Soleil Noir Tenor arias by Biado, G Caccini, Monteverdi, J Peri, Rasi, etc Emiliano Gonzalez Toro (tenor); I Gemelli Naïve V5473 48:57 mins
Many vocal skills we now admire in opera were born in the early 17th century. These performances centre upon the techniques of the early solo singer-composers, wonderfully resurrected here by the ravishing and sometimes mercurial vocal wizardry of the Swiss-Chilean tenor Emiliano Gonzalez Toro – recently acclaimed for his interpretation of the title role in Monteverdi’s Orfeo.
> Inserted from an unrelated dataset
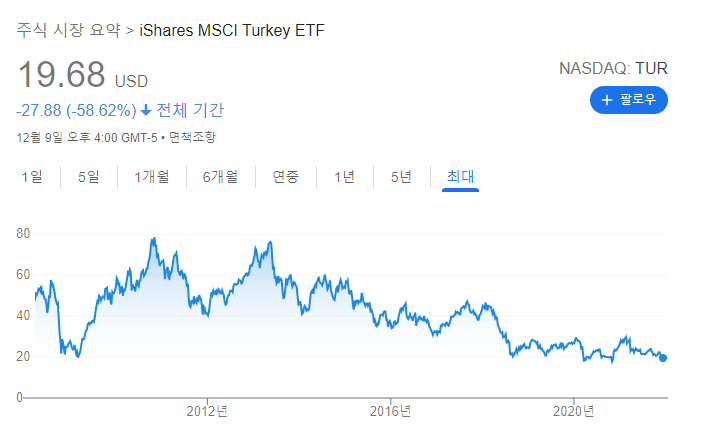 입수한 정보는, 요즘 은행해서 리라화 취급을 잘 안하려고 한다네요! 따라서 간접적으로 미국 나스닥에 상장되어 있는 터키 기업 ETF에 투자해보는 것이 가장 손쉬운 방법인 것 같습니다. 저도 우선 간도 볼겸 120만원 정도 들어갔습니다.

The first singer in that role was Francesco Rasi, and seven of his own songs appear on this disc. Toro gives us the full helter-skelter style of dashing roulades found in Rasi’s ‘Indarno Febo’, and in many of the other songs he is supported by Thomas Dunford’s witty and sometimes darkly inventive accompaniments on the theorbo. Most of these pieces have their vocal decorations written in, but a relatively plain melody like Caccini’s ‘Amarilli’ could (according to Caccini’s own instructions) have benefitted from rather more improvised ornamentation in some of its sections. In Sigismondo d’India’s ‘Amico, hai vinto’ we have a setting of the death scene between Tancredi and Clorina (from a poetic epic by Tasso) which combines narrative, description and direct dialogue, and requires a bit more distinction between the different ‘voicings’ than we get here. That said, exceptional musicianship abounds, notably in the sensitive, varied exchanges between voice and accompaniment in ‘Un di soletto’ by Peri (a very good composer), and in the magnificently stylish exuberance of Monteverdi’s ‘Qual sguardo’.